(Data entries)
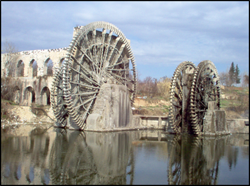 لعبت طبيعة نهر العاصي المتعرجة ومنحدراته دوراً كبيراً في وجود هذا الاختراع، وبما أن مستوى المياه لنهر العاصي أخفض من مستوى السهول والأراضي حوله فكان لابد من وجود طريقة لرفع المياه إلى هذه الأراضي. لذا ابتكر الحمويون الأقدمون فكرة النواعير مما سهل وصول المياه إلى أعلى منطقة تحيط بنهر العاصي دون استعمال أي نوع من أنواع الطاقة كما أنهم درسوا قوة المياه وبنوا الطواحين التي تعمل بقوة دفع المياه وهي باقية إلى وقتنا الحاضر.
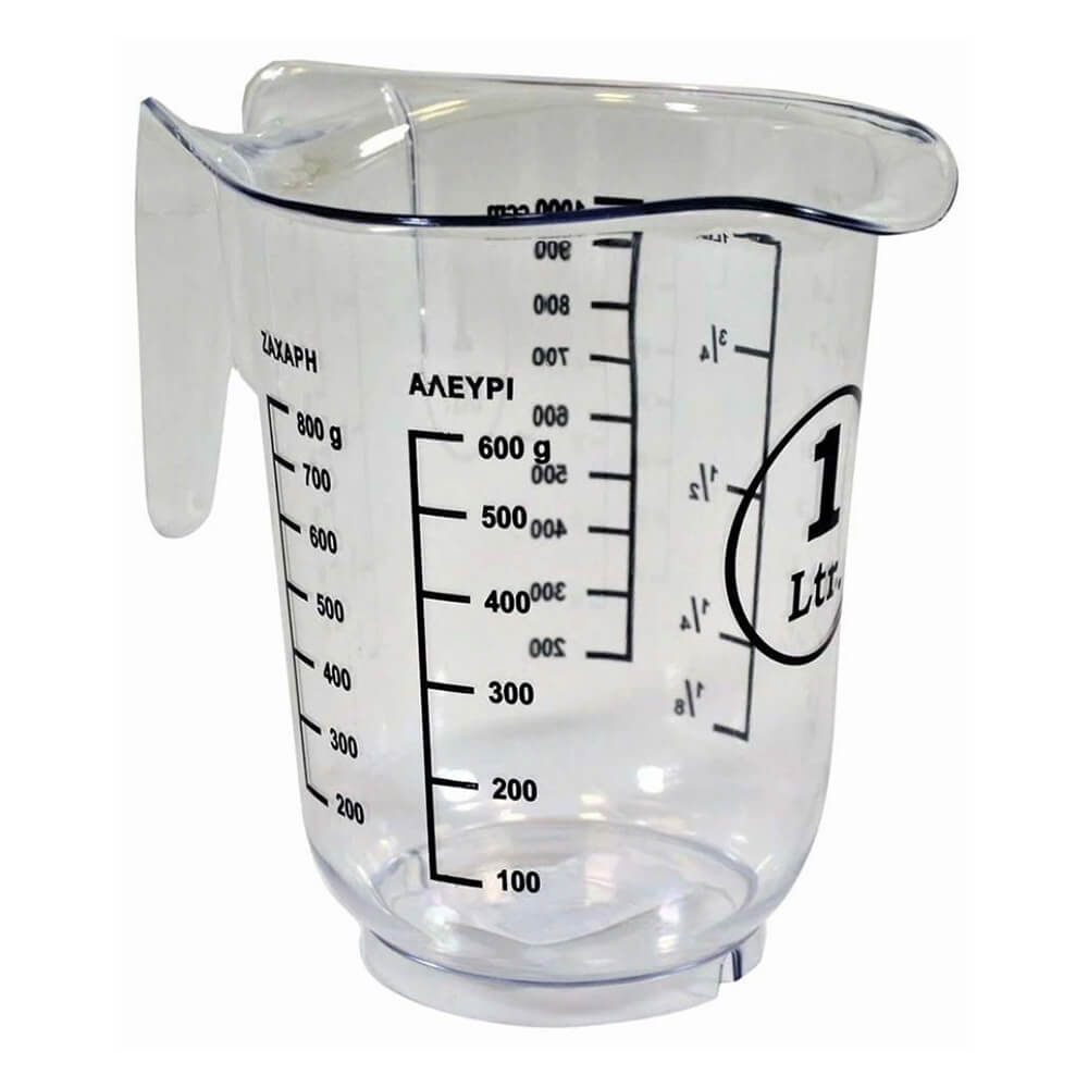 Δοσομετρητής υγρών ενός λίτρου από εξαιρετικό πλαστικό με πολλές διαφορετικές μετρήσεις.
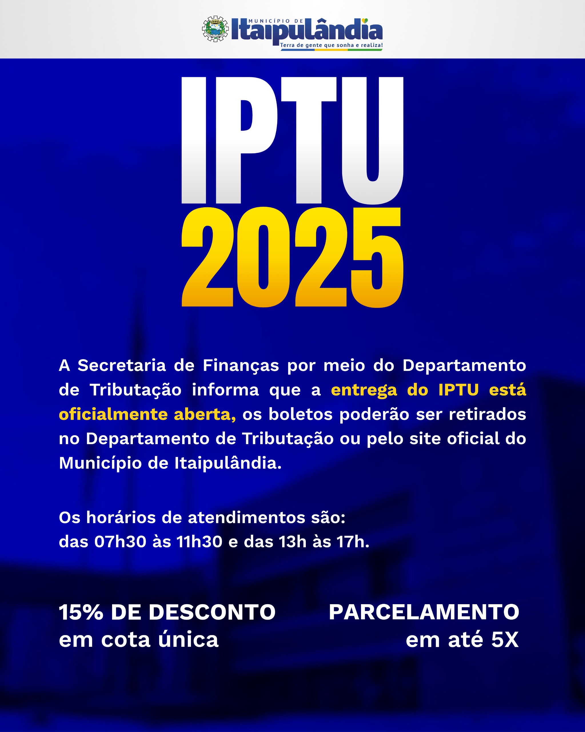 Retire seu boleto de forma online, no site da Prefeitura de Itaipulândia, ou diretamente no Departamento de Tributação, de segunda à sexta das 07h30 às 11h30 e das 13h às 17h.
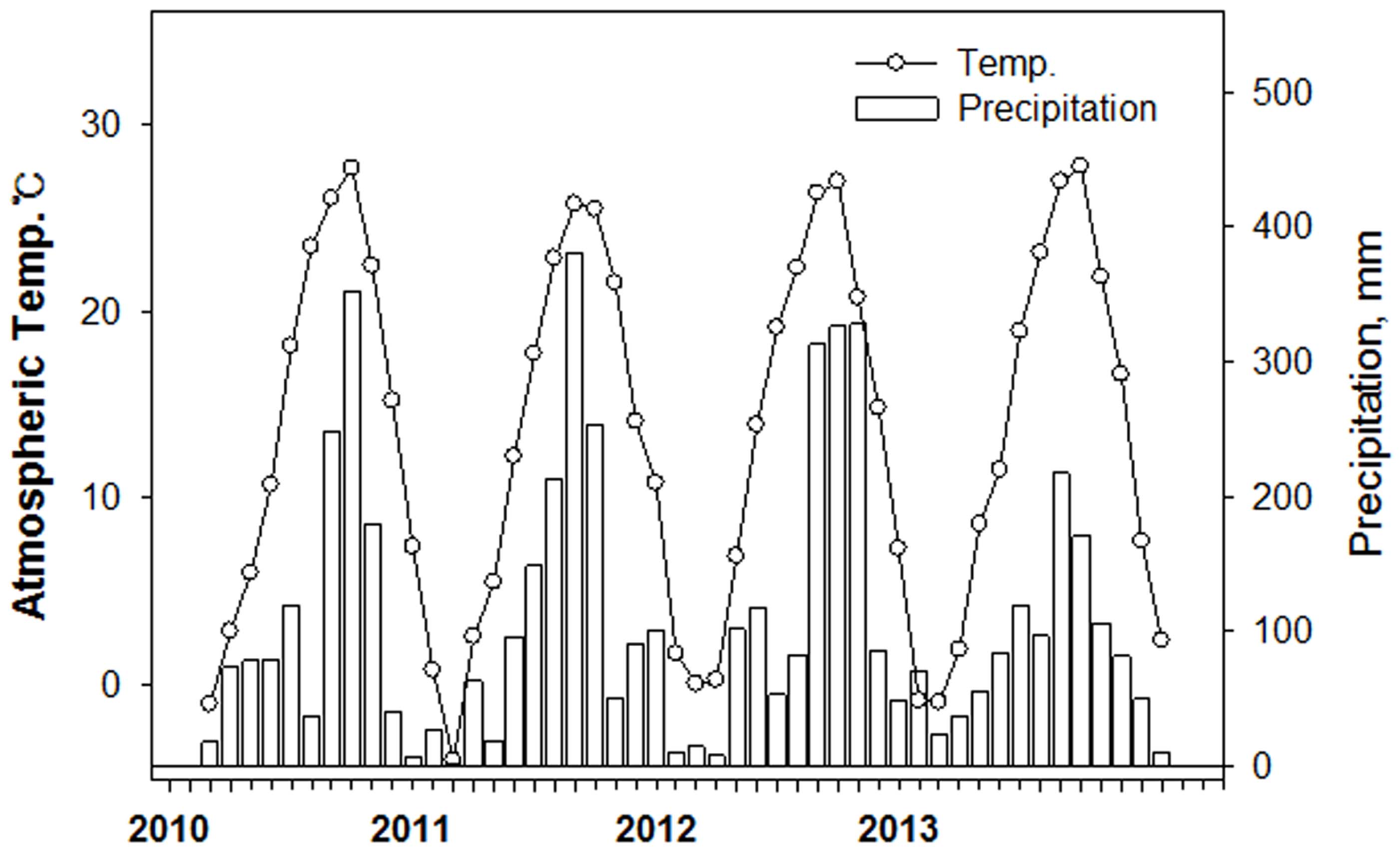 Fig. 2. Monthly variation of atmospheric temperature and precipitation in the Nakdong River, 2010~2013.
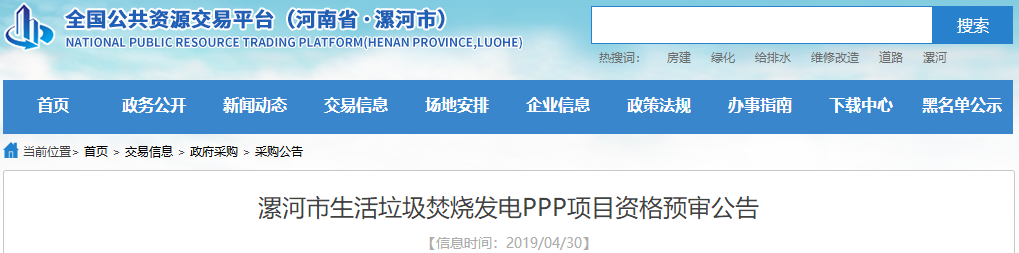 近日,河南漯河市2250噸/日生活垃圾焚燒PPP項目資格預(yù)審結(jié)果公示,經(jīng)評審小組評定,在遞交資格預(yù)審申請文件的8家申請人中,共有7家符合資格預(yù)審條件。名單如下(排名不分先后)山東省工業(yè)設(shè)備安裝集團(tuán)有限公司北京高能時代環(huán)境技術(shù)股份有限公司河南城發(fā)環(huán)境股份有限公司中電建寧夏工程有限公司協(xié)鑫智慧能源股份有...

> What to do:
Your reply should hold only the lines running from the one with "Retire seu boleto" to the end of the data above, set down exactly, pictures omitted.

> Response box:
 Retire seu boleto de forma online, no site da Prefeitura de Itaipulândia, ou diretamente no Departamento de Tributação, de segunda à sexta das 07h30 às 11h30 e das 13h às 17h.
 Fig. 2. Monthly variation of atmospheric temperature and precipitation in the Nakdong River, 2010~2013.
 近日,河南漯河市2250噸/日生活垃圾焚燒PPP項目資格預(yù)審結(jié)果公示,經(jīng)評審小組評定,在遞交資格預(yù)審申請文件的8家申請人中,共有7家符合資格預(yù)審條件。名單如下(排名不分先后)山東省工業(yè)設(shè)備安裝集團(tuán)有限公司北京高能時代環(huán)境技術(shù)股份有限公司河南城發(fā)環(huán)境股份有限公司中電建寧夏工程有限公司協(xié)鑫智慧能源股份有...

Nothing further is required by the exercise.